Xtalsoft Co., Ltd.
- Company type: Public (defunct)
- Industry: Video game industry
- Founded: 1982
- Defunct: 1990
- Headquarters: Japan
- Products: See complete products listing

= Xtalsoft =

Japanese video game company

Xtalsoft (クリスタルソフト) was a Japanese software house established in 1982 to develop games for Japanese computers. Most of Xtalsoft's games are traditional role-playing games, with gameplay similar to that of Eye of the Beholder.

In July 1986, Xtalsoft was among six other companies to form the Disk Original Group, a collective publishing house for Famicom Disk System games headed by Square For their part, Xtalsoft developed Sword of Kalin under the Disk Original Group.

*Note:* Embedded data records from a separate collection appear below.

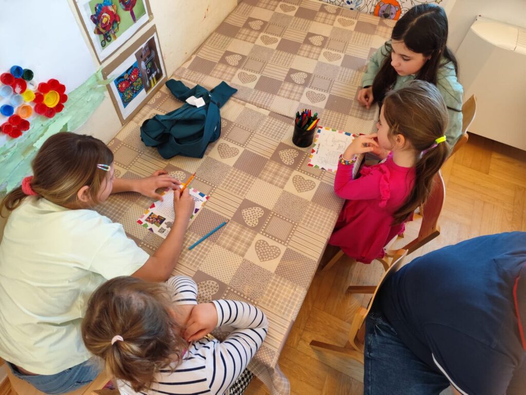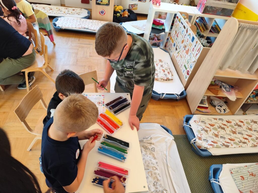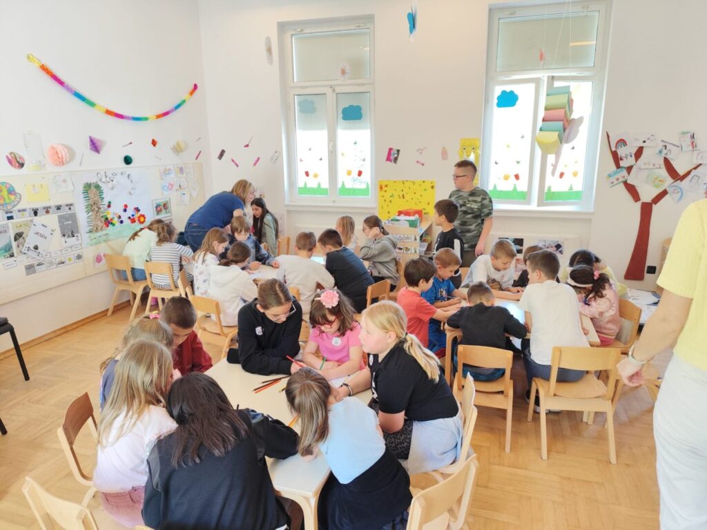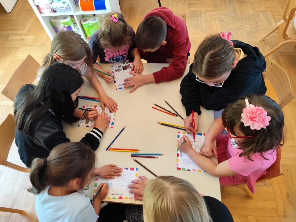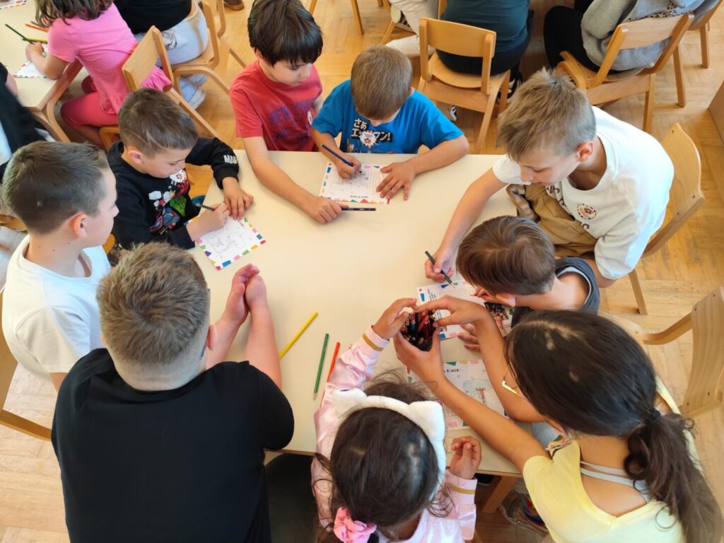 Nakon čitanja priče školarci i vrtićanci su se družili rješavajući labirinte i bojeći bojanke. Dok se vrtićanci vesele odlasku u školu, četvrtaši su se s nostalgijom prisjetili svojih bezbrižnih i veselih dana u vrtiću.
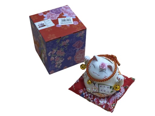 PORCELANOWY Japoński Kot Maneki-Neko Chiński Kot Szczęścia 12cm
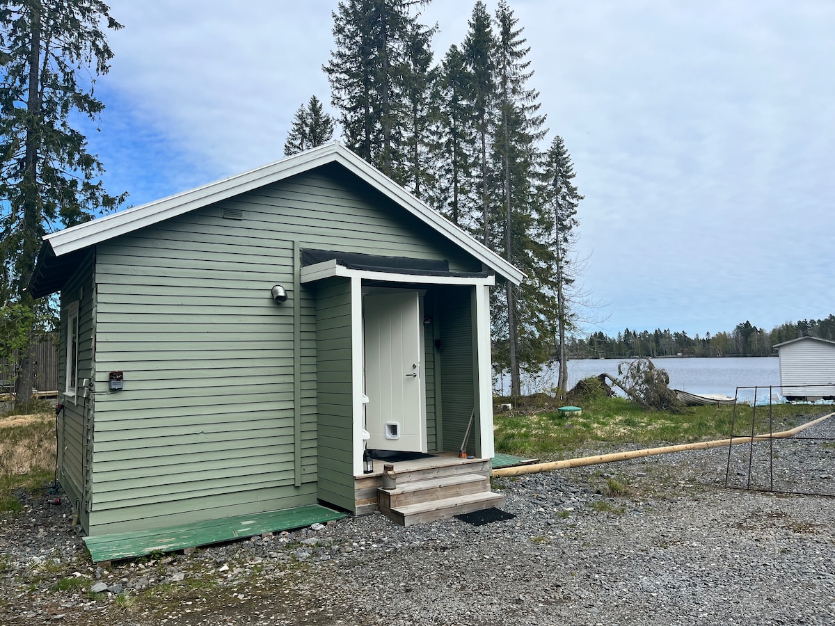 Kuća na farmi od 30 kvadratnih metara tik uz vodu u prelepom Stokšou. Gost ima celu kuću na raspolaganju. Kuća ima integrisanu kuhinju, hodnik i dnevni boravak sa pogledom na jezero. U kući se nalazi i 1 spavaća soba i 1 toalet. Wi-Fi je dostupan. U dvorištu se nalazi zasebna sauna sa tušem i WC-om. U okolini se nalazi nekoliko plaža, mesta za roštilj i lepih šumskih staza. Zimi se na jezeru nalaze skijaške staze i ledena rupa za zimsko kupanje. Idila udaljena samo oko 10 minuta vožnje od Umea.
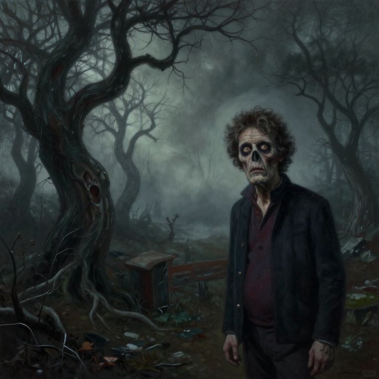 Ugly old person depicted in a surreal style, distorted facial features blending with cracked stone textures, set against a twilight sky with eerie fog and twisted trees
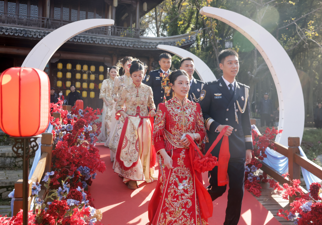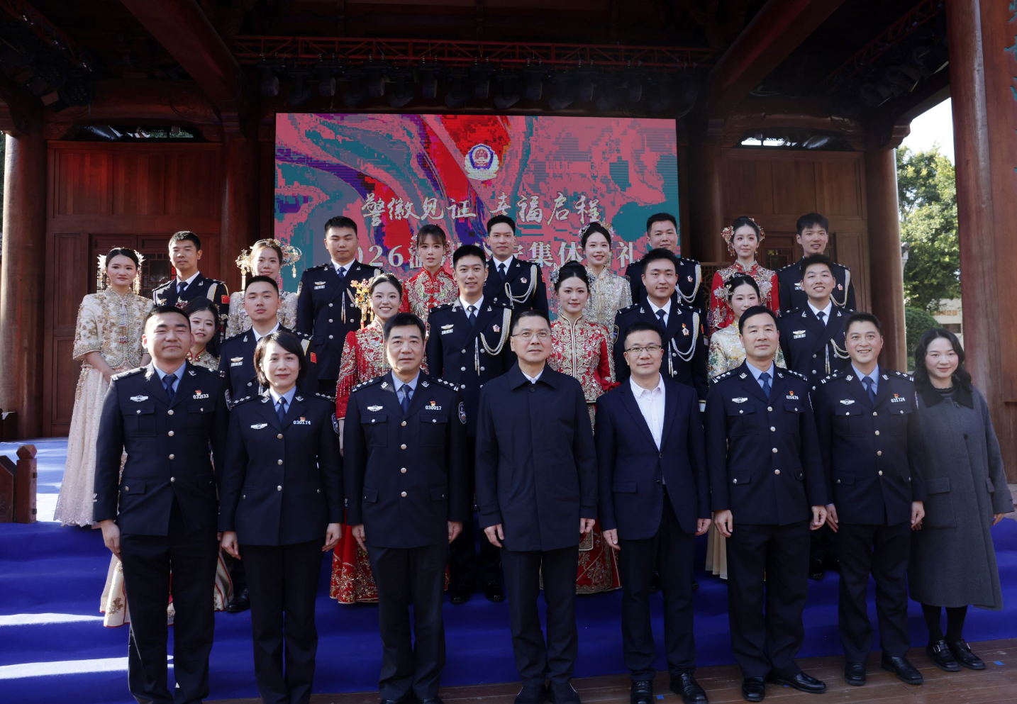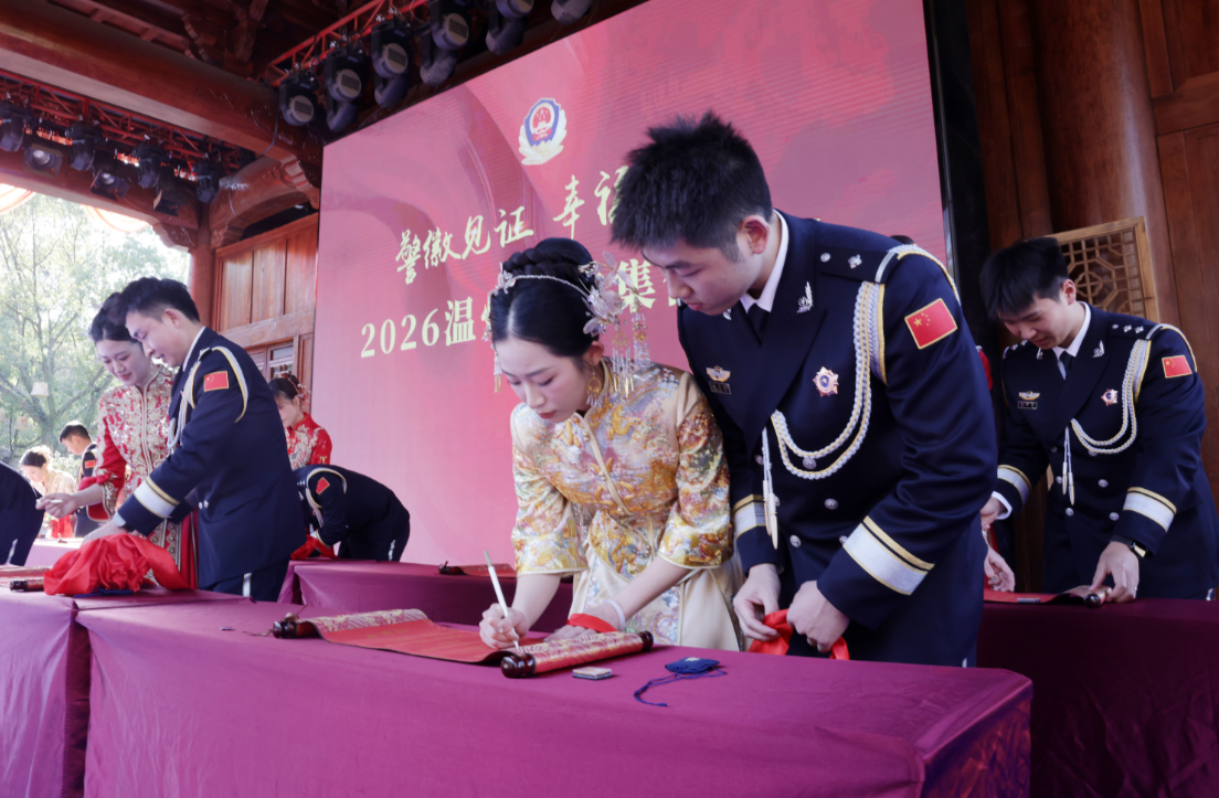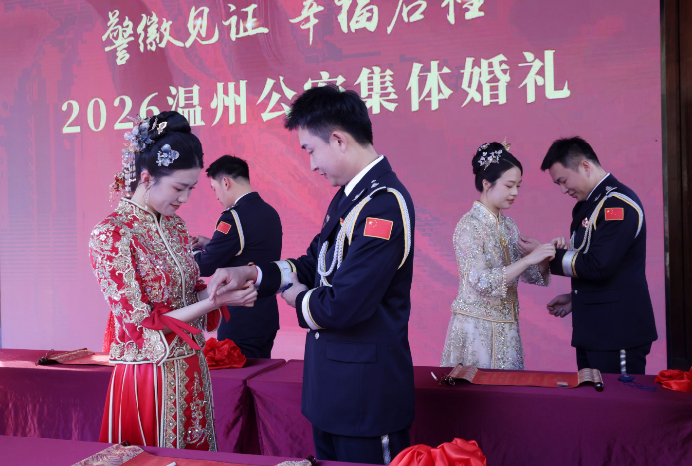 当天,“警徽见证·幸福启程”2026年温州公安集体婚礼在温州市区九山书会举行,九对警营新人并肩而立,他们既有双警家庭,也有警属伴侣。

At the dawn of the 90s, Xtalsoft was experiencing management difficulties, and on October 1, 1990, they combined with T&E Soft to form T&E Soft's Osaka development department.

Xtalsoft's name is a blend of "crystal software," where "crystal" is abbreviated with the letter X, a common jargon abbreviation in written English. Originally, their name was written with an apostrophe as "X'TAL SOFT."

Currently, all Xtalsoft IPs are owned by D4 Enterprise.

==Games==

Only Babylon (Curse of Babylon in the US) was ever released outside Japan, although some, such as Sword of Kalin, have been unofficially translated by fans.

In 2023, a fan translation of Aspic: Curse of the Snakelord was released.